• [EXERCISE GOAL]:
Find the line with "宮城県農業高等学校園芸科2年" and the line with "Unser heutiges Ziel" in the entries below; output exactly those two lines, every line between them, and no others.

• [INPUT DATA]:
□ □ □ □ □ □ □

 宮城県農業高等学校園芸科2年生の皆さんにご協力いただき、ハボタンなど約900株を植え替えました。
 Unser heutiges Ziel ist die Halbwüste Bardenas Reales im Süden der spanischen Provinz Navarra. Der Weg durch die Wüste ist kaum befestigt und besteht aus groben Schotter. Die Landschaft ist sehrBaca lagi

□ □ □ □ □ □ □

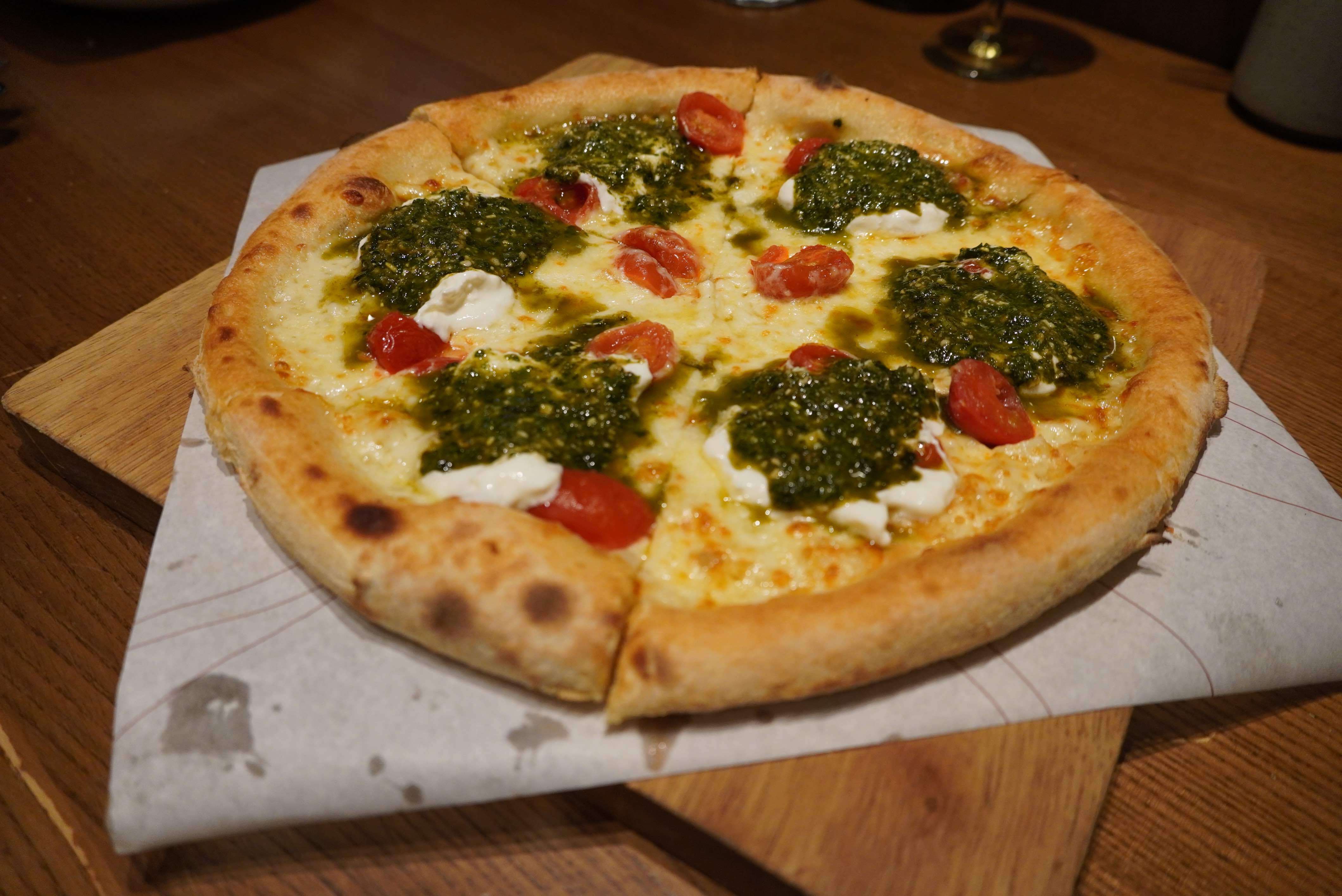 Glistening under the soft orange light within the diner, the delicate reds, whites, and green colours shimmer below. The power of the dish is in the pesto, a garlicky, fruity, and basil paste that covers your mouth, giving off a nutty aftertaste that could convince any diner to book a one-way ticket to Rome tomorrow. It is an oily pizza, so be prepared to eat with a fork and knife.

□ □ □ □ □ □ □

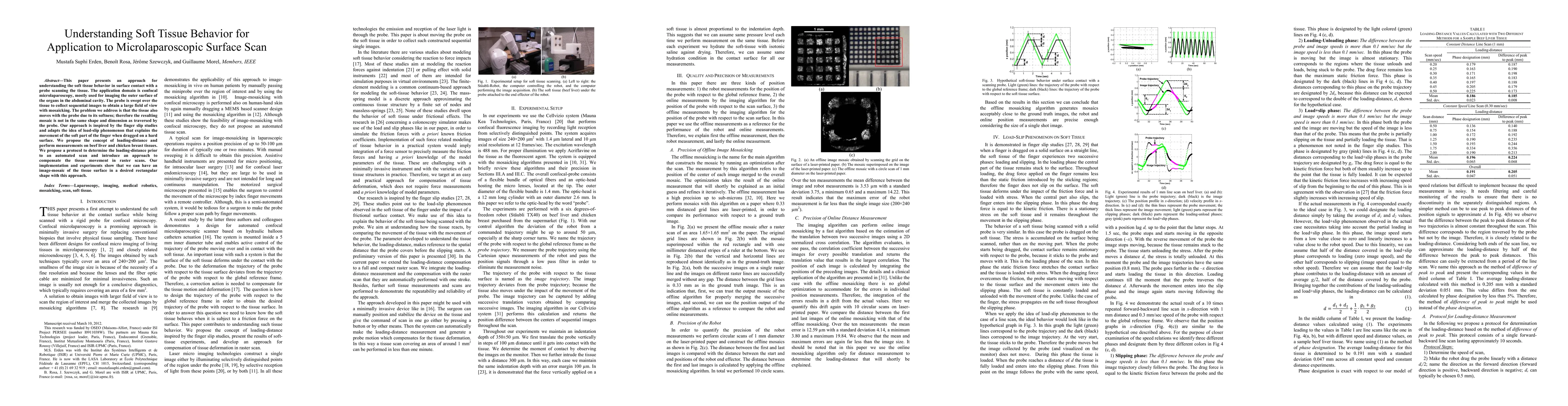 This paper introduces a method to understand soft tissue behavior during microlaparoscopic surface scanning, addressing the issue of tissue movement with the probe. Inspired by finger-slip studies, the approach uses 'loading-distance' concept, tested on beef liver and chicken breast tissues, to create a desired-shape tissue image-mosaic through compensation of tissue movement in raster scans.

□ □ □ □ □ □ □

• [RESPONSE]:
 宮城県農業高等学校園芸科2年生の皆さんにご協力いただき、ハボタンなど約900株を植え替えました。
 Unser heutiges Ziel ist die Halbwüste Bardenas Reales im Süden der spanischen Provinz Navarra. Der Weg durch die Wüste ist kaum befestigt und besteht aus groben Schotter. Die Landschaft ist sehrBaca lagi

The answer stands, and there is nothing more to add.